What the exercise asks: Copy exactly the lines of the material below that fall between the line with "- nieruchomości 30–45 minut od Trójmiasta" and the line with "For buyers evaluating", both of those lines included; pictures stay out.

Data shown Start Marker

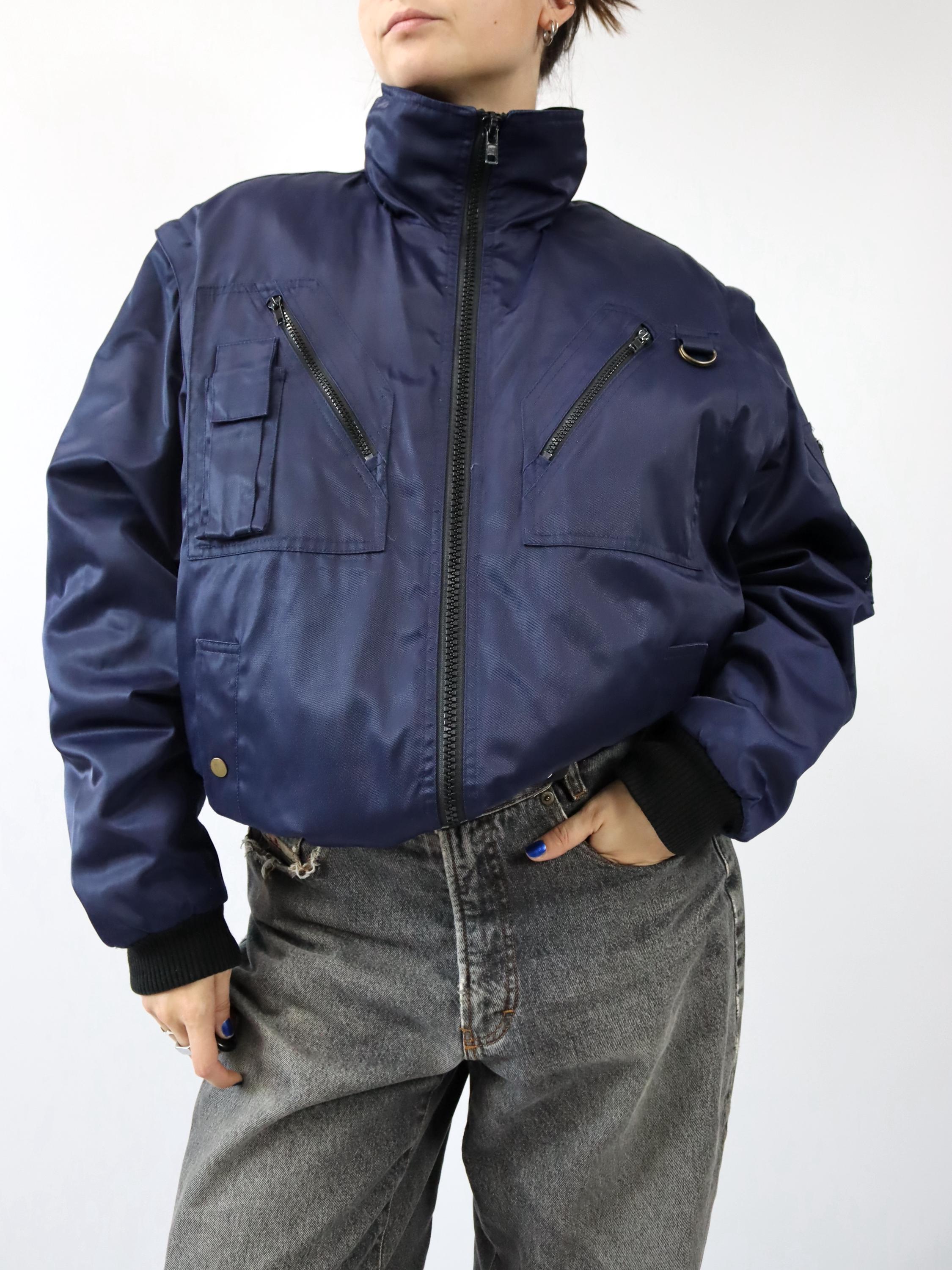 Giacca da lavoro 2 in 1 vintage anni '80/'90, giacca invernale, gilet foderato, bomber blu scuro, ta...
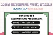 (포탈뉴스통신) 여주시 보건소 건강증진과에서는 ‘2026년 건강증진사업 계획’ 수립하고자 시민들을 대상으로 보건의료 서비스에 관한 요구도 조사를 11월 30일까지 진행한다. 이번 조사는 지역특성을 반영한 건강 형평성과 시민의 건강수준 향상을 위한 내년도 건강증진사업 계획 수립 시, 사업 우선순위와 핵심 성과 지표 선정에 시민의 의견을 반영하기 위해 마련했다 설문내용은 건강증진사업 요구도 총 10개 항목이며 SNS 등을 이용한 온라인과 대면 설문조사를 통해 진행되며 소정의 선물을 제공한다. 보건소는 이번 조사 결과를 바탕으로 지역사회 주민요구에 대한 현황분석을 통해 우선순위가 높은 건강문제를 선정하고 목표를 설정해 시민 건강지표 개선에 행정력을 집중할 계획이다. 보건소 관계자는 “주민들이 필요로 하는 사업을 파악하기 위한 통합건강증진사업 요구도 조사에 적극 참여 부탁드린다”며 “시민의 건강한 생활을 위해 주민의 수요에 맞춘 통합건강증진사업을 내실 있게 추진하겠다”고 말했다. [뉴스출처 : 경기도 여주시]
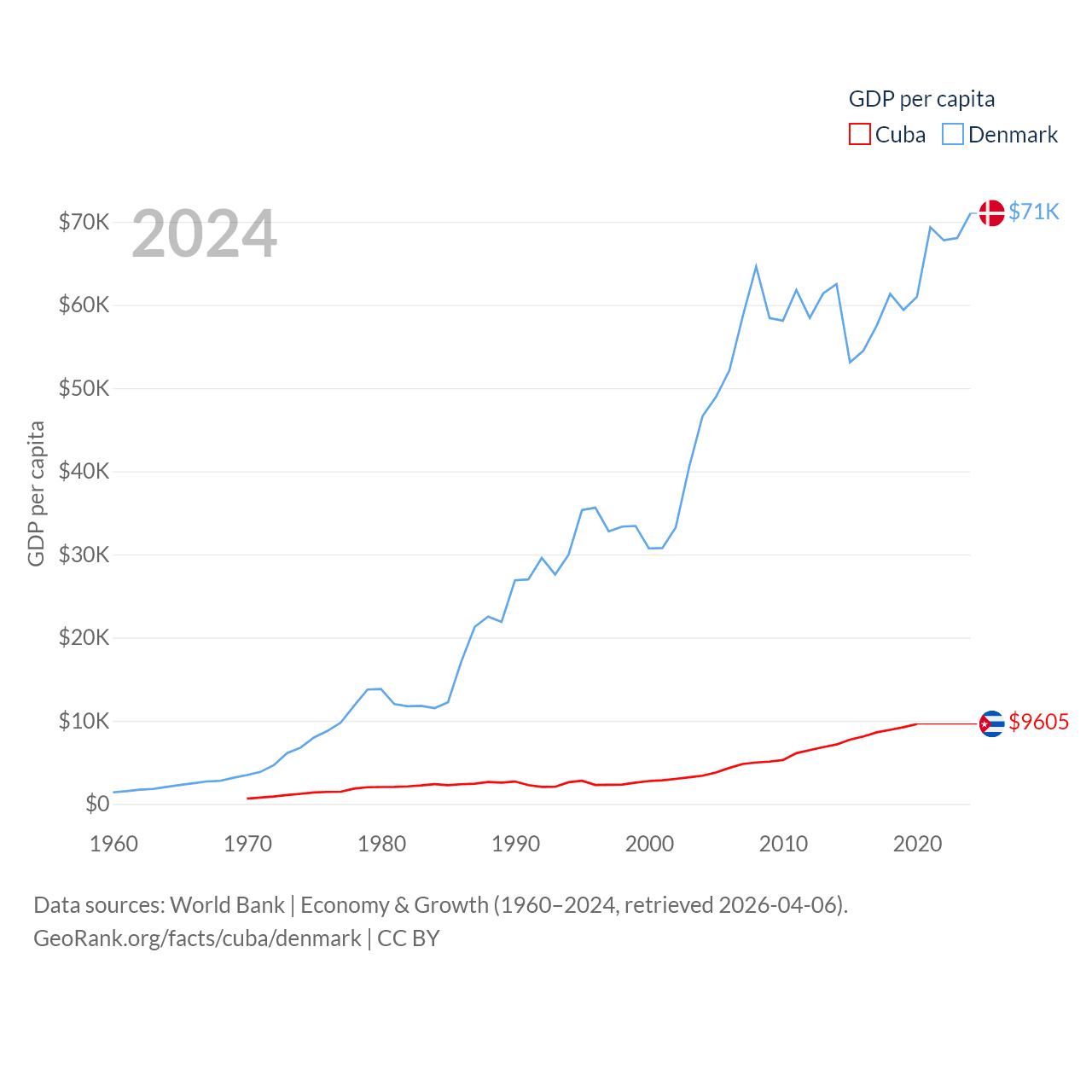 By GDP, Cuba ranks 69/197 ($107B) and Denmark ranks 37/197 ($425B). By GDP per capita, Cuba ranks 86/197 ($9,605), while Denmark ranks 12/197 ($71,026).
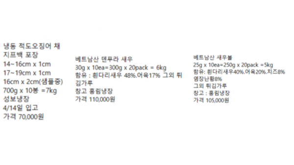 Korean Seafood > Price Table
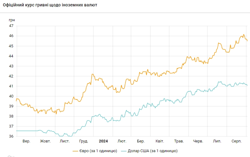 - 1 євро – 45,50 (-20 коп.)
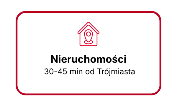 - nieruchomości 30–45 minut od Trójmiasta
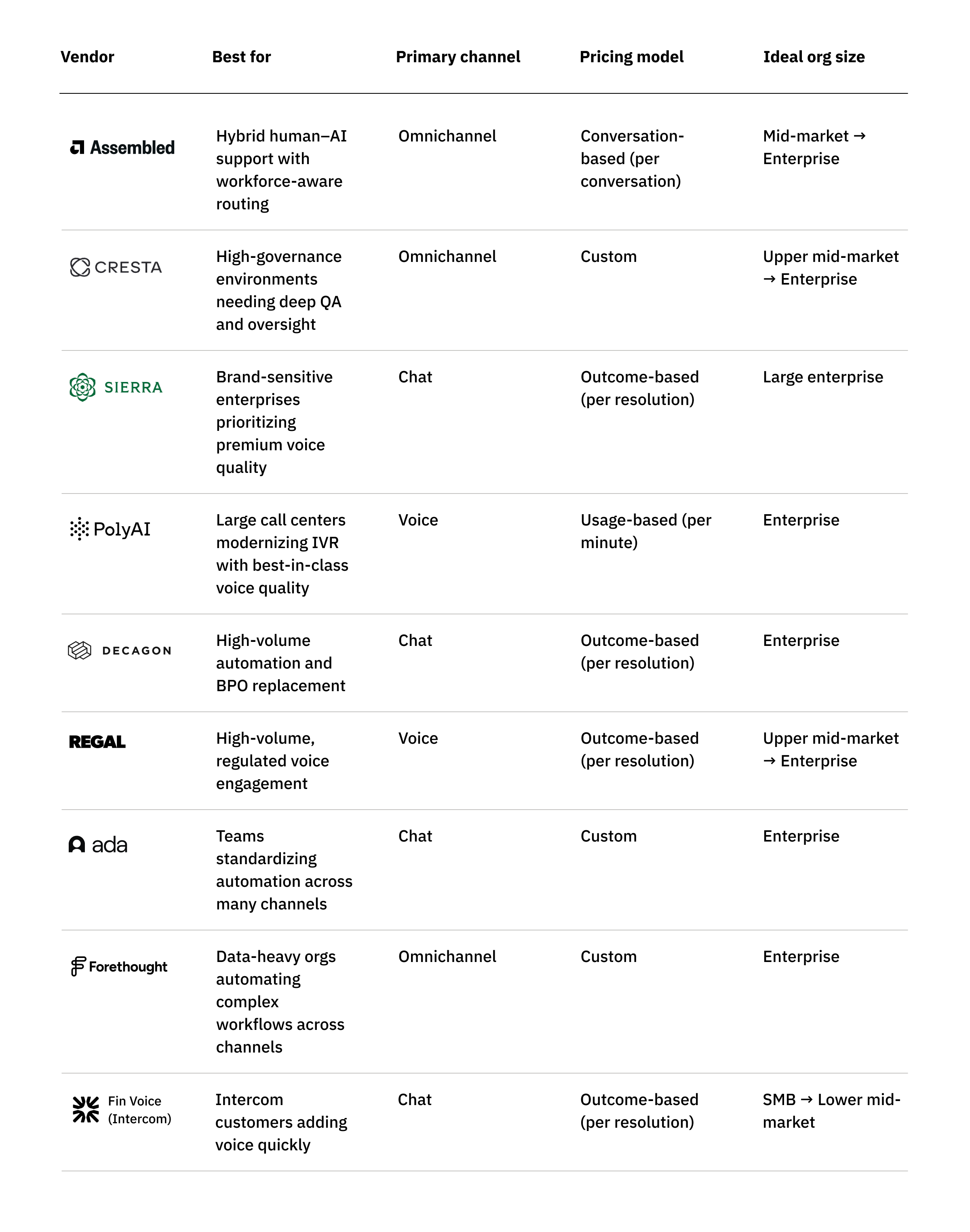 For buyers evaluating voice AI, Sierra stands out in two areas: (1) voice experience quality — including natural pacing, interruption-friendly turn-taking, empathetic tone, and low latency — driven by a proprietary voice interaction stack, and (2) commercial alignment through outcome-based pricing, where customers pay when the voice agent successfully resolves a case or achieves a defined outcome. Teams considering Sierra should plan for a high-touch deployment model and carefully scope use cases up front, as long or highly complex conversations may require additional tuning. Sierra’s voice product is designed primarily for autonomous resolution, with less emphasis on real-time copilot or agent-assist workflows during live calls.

Data shown End Marker
Data shown Start Marker

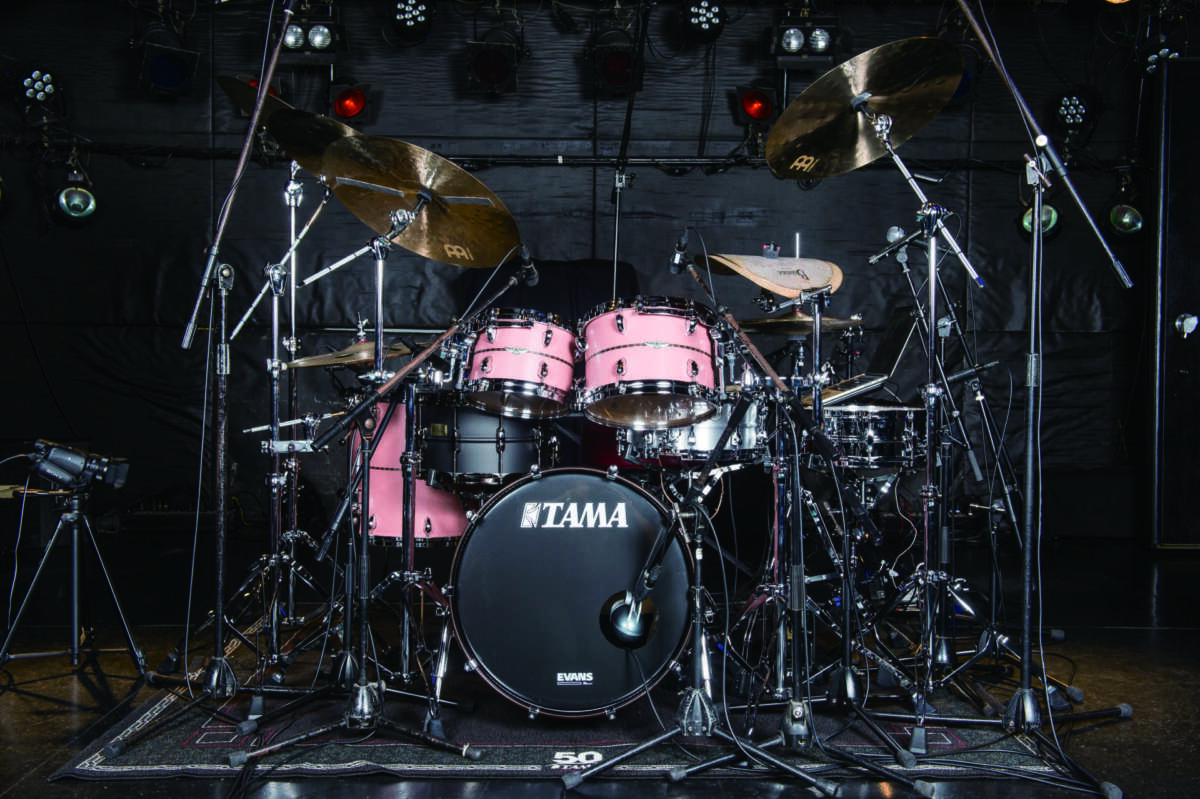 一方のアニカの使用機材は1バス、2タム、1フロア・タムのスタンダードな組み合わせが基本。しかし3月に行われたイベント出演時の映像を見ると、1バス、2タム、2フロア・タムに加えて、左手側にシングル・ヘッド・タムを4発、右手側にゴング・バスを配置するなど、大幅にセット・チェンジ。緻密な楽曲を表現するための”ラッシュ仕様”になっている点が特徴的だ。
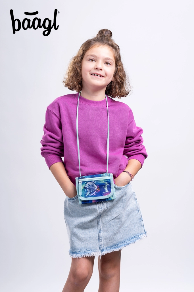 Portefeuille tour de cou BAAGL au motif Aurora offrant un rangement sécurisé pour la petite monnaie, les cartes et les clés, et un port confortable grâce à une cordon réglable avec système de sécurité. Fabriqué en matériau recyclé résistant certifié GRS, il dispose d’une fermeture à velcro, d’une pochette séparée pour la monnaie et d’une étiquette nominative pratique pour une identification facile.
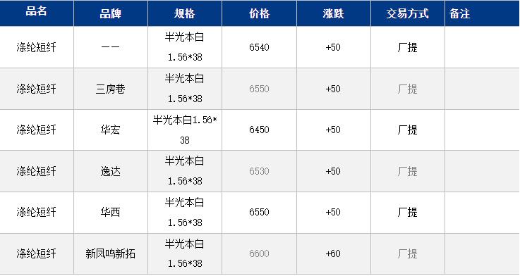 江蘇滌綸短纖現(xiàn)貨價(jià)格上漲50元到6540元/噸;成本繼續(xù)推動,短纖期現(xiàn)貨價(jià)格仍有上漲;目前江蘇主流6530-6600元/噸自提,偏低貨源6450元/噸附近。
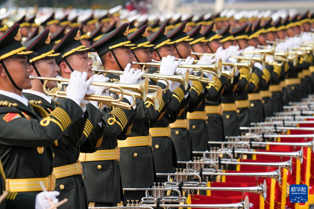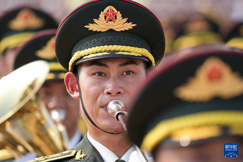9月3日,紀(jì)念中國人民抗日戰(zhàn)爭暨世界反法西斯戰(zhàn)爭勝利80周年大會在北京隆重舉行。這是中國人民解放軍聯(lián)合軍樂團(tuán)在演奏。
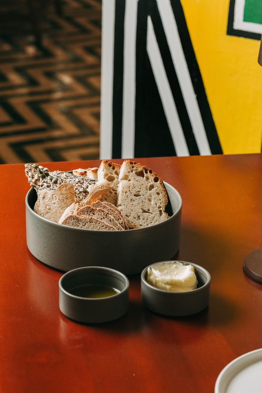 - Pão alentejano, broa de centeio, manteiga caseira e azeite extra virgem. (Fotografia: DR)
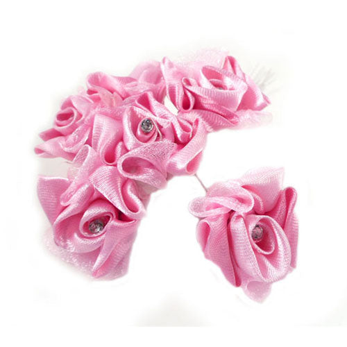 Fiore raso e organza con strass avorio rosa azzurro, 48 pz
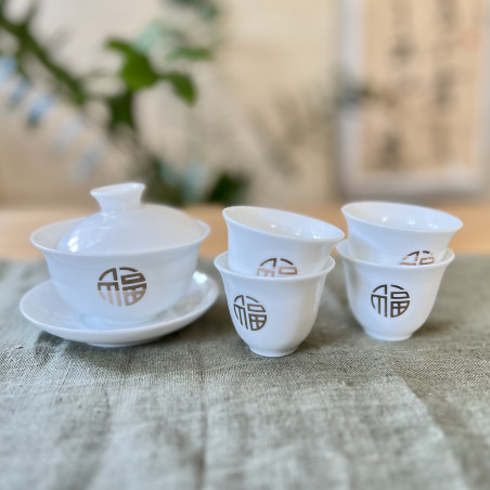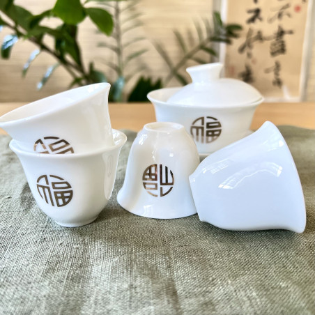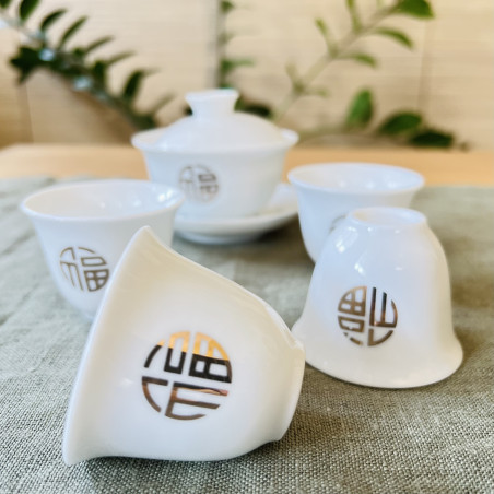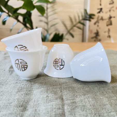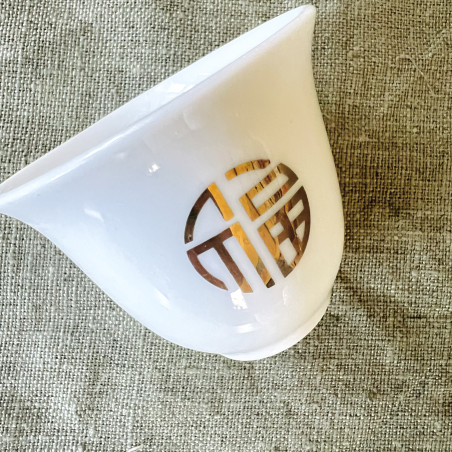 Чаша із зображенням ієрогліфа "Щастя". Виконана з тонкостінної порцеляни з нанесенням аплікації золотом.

Data shown End Marker

Response box:
 - nieruchomości 30–45 minut od Trójmiasta
 For buyers evaluating voice AI, Sierra stands out in two areas: (1) voice experience quality — including natural pacing, interruption-friendly turn-taking, empathetic tone, and low latency — driven by a proprietary voice interaction stack, and (2) commercial alignment through outcome-based pricing, where customers pay when the voice agent successfully resolves a case or achieves a defined outcome. Teams considering Sierra should plan for a high-touch deployment model and carefully scope use cases up front, as long or highly complex conversations may require additional tuning. Sierra’s voice product is designed primarily for autonomous resolution, with less emphasis on real-time copilot or agent-assist workflows during live calls.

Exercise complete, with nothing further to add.